これは、そう、灯火に吹く冷徹な西風なのだ。

故に、渾身の右拳を握りしめた。

狙いは側頭部、急所を打ち抜く。

 

(俺のことを研究し尽くしたことが拳から否応に伝わってきやがる。すげぇよ、アンタは)

 

心からの尊敬を。

明滅する視界を手放しながら、勝負の瀬戸際に侵入されたことを察して、暗闇の向こうに目を凝らす。

青木が見るものは姿形に在らず。自分を倒さんと奮闘する相手の眼差し、狙い澄ます勝利の着弾点だ。

王者の目を離さない決意を辿って、右拳を繰り出した。

 

(な────)

 

王島に思考の挟まる余地はなかった。

青木が放つ右拳の向こうを過ぎる両の目が、獲物を捉えていないことを視認して、なぜ見えている方の拳が空振るのか、という嫉妬にも似た疑問を反射的に脳へと届けたばかりで。

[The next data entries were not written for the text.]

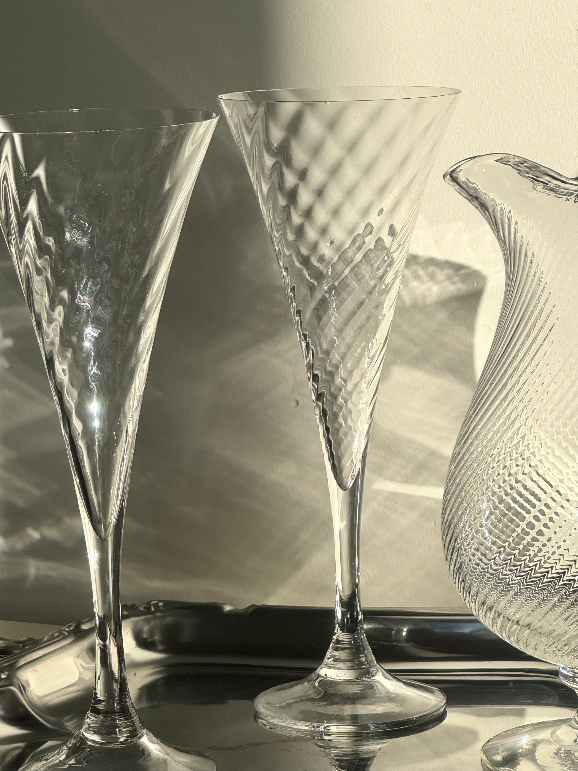 Beautiful swirling champagne glasses. 2 pieces, sold together. Nice condition.
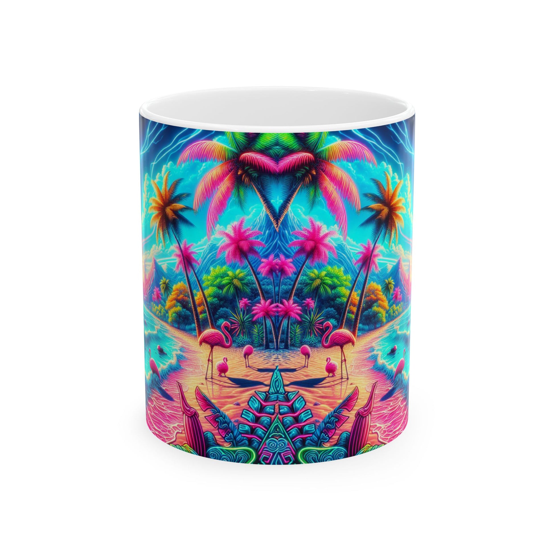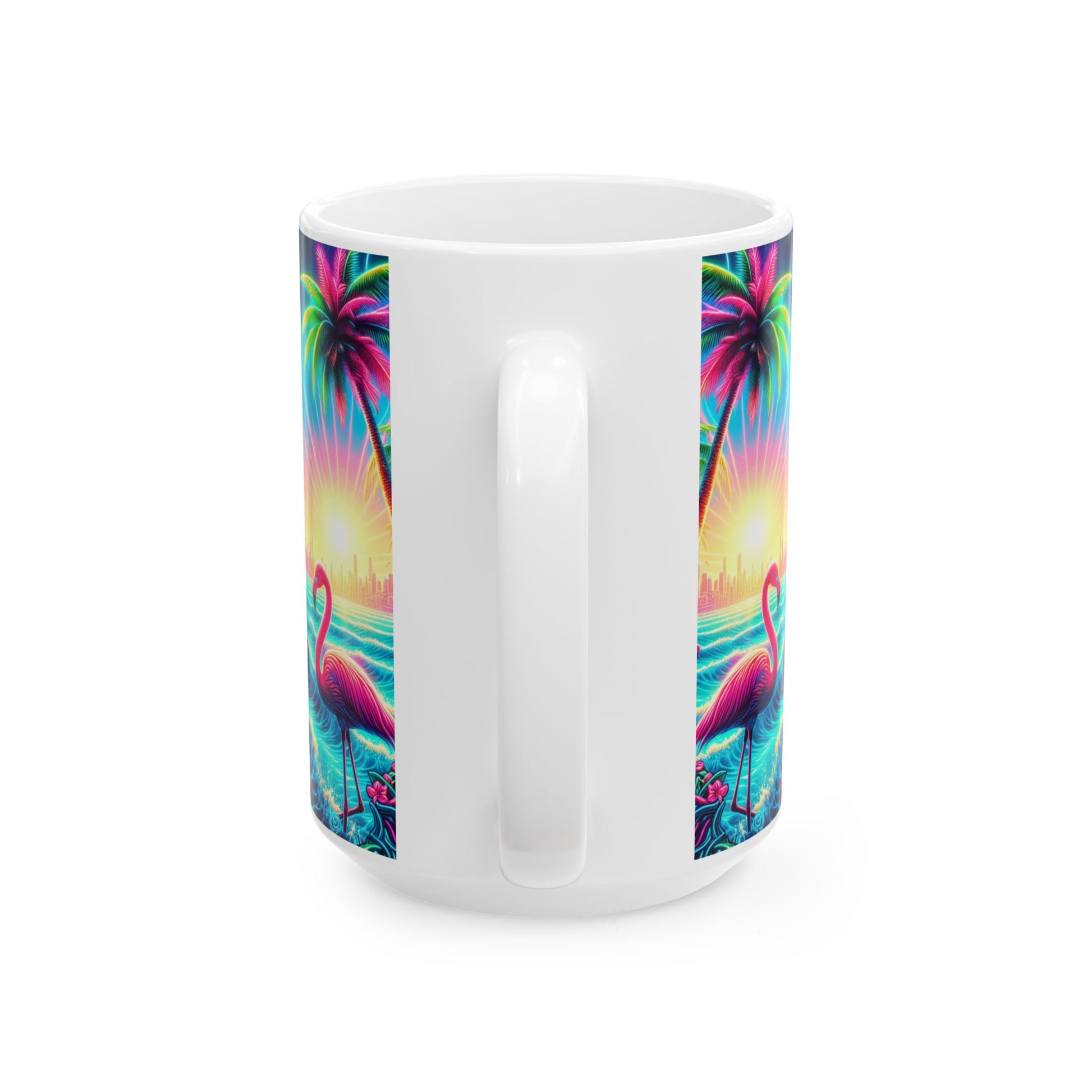 Ceramic White Mug - 11oz & 15oz, / Pop Art Flamingo Beach
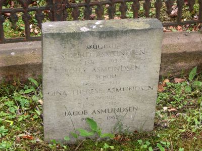 Asmundsen er gravlagt ved Vår Frelsers gravlund i Oslo sammen med sin kone Bolly, sønnen Jacob, og svigerdatteren Gina.
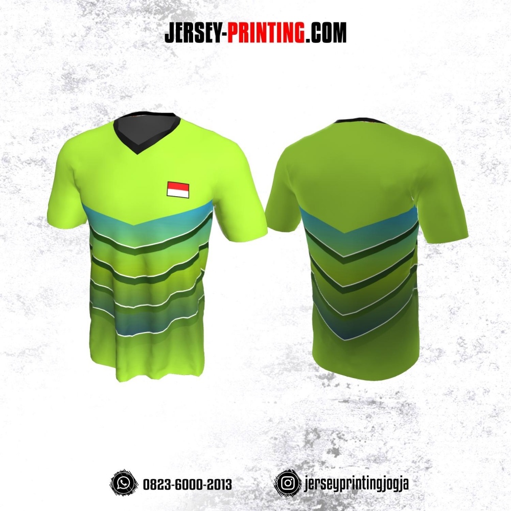 Jersey Badminton Hijau Motif Garis Biru
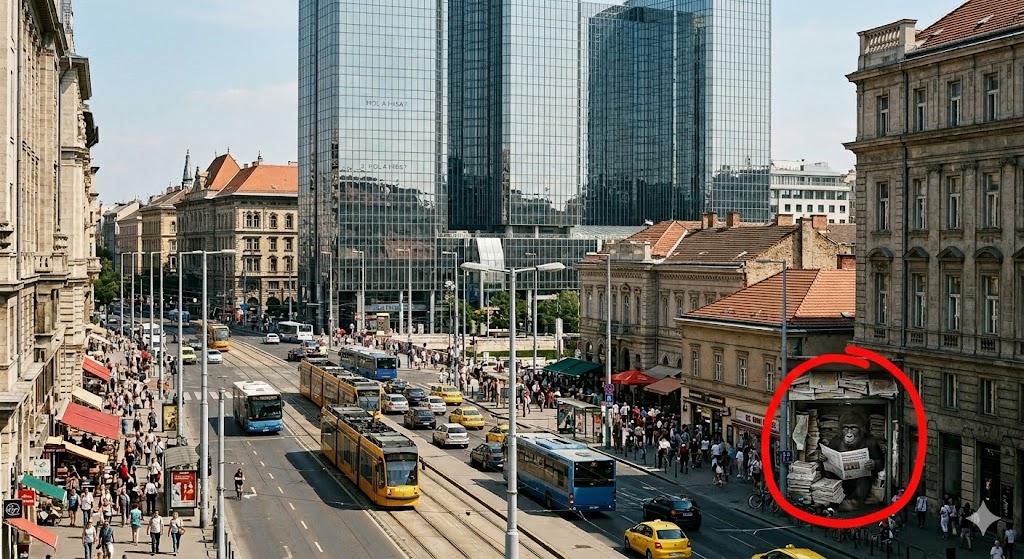 Első ránézésre egy teljesen átlagos, nyüzsgő városi utcakép, de van rajta egy részlet, ami abszolút nem odaillő. Én percekig néztem, mire leesett, mit kell keresni… 🤯
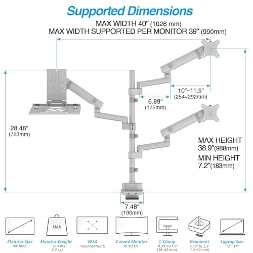 - Up to 19.8 lbs monitor arm(77)
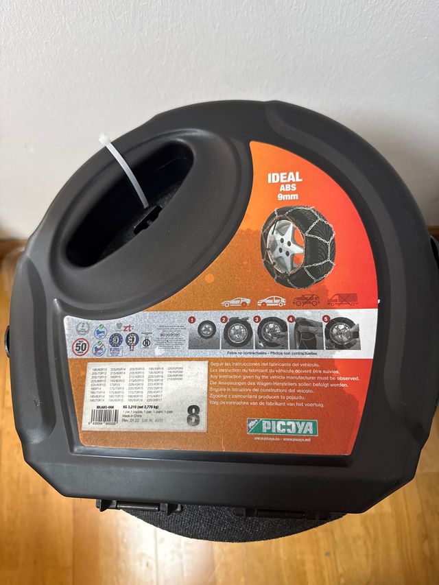 Cadenas para la nieve de la marca IDEAL, modelo ABS con 9mm de grosor. - Incluye instrucciones de montaje. - Aprobadas para uso en carretera. - Aptas para automóvil
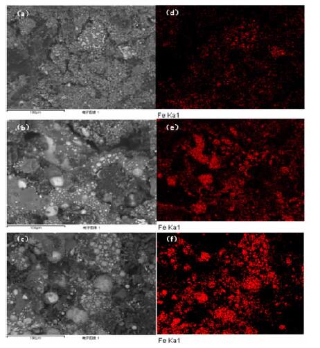 采用扫描电镜和能谱仪对1 473 K下不同还原时间样品的微观形貌与铁元素分布进行了观测分析,如图 5所示。图 5中a、b、c三个样品对应的还原时间分别为7.5 min、15 min和20 min,d、e、f分别对应a、b、c三个视场的铁元素分布。图 5表明,随着还原时间延长和还原程度提高,铁晶粒逐渐链接、聚集,逐渐富集,趋向于形成较大颗粒铁晶粒与铁链晶。鲕状赤铁矿中的部分铁氧化物呈弥散分布、极难聚集长大,利用微波加热的热点效应,可为铁晶粒的聚集长大提供条件。

赤く塗りつぶされた左目と、リングと並行に映る自身の左腕を脳みそが一連の事態を処理するまで、一切の感情に蓋をする。

 

(だから、俺たちの特訓にハマっちまった)

 

青木の勝機はリングの外から生み出された。

汗水の染みた河川敷が連綿と続き、拳の皮をすり減らしたミットがコーナーで見守る。

 

『…だうん、、、ダウン!! 僅か2分に怒涛の攻防を繰り出して、挑戦者が完全に優位に立った!!

誰も予想しなかった第一ラウンドいきなり王者のダウンで場内騒然だーーーー!!!』

 

様々な努力を背負い進んだ道が、このタイトルマッチを一足飛びで駆け抜けた。